After a couple of good summer competitions, Bobek had a disastrous fall, landing nothing harder than toe or salchow (and sometimes not even that). She then came under heavy criticism (including from many in the USFS) by skating in the Nutcracker tour over Christmas instead of training for Nationals. The pre-Nationals coaching change didn't do her favors either. She went into Nationals with a lot of people seriously fed up and rooting against her.
If there was any outrage about her not receiving a bye (I wasn't online until the following years), her disastrous performance at Centennial on Ice - where she fell on all three jumps in the short program, doubled everything in the free skate, and finished last in both segments - quieted any second-guessing. Those performances would have had her last at Worlds, without a doubt.

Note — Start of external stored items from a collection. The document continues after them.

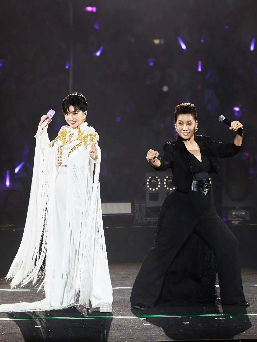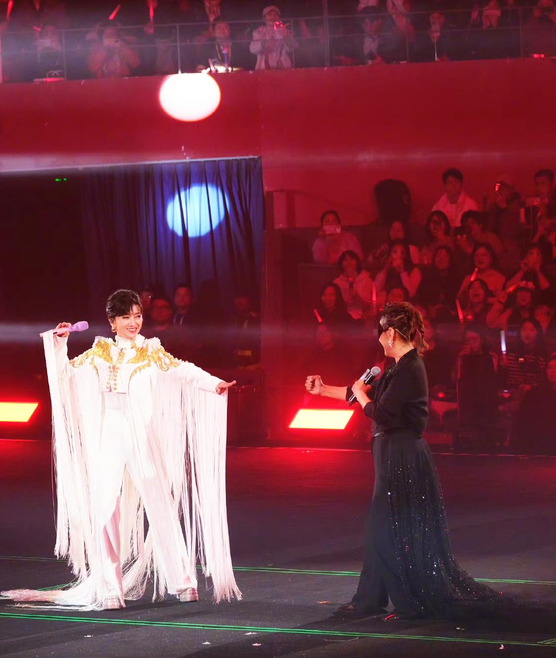 《上海滩》女主角冯程程的扮演者@赵雅芝 《射雕英雄传》女主角穆念慈的扮演者@杨盼盼 同台,表演节目[比心]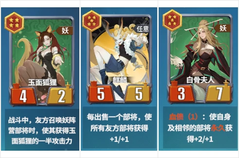 白骨夫人:万能卡,有狐狸优先养狐狸,无狐狸可自身成长,单位死亡触发效果,适配多阵容。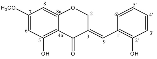 A chemical structure of (E)-5-hydroxy-7-methoxy-3-(2-hydroxybenzyl)-4-chromanone (HMC).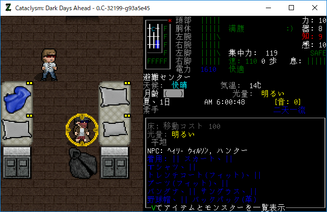 この投稿は「Cataclysm Dark Days Ahead」のプレイ日記です。毎日更新をします。目次はこちら。

I do think Bobek at her best would have been a multiple-time World medalist / champion. Her technique wasn't bad by 90s standards and wasn't a barrier when she was actually in shape, which was rare. She unfortunately crash dieted very often and spoke about being bulimic in the period leading up to 1998 U.S. Nationals. She was on fire in those practices, landing 3Lz3T, 3F3T, and 3T3T plus 2A2A sequence. Her actual competitive performances, as good as they were, were a let-down compared to the firepower she was showing in practice. The program itself, as originally choreographed by Robin Cousins, was not bad, but had become unrecognizable to the point that he was distancing himself from it.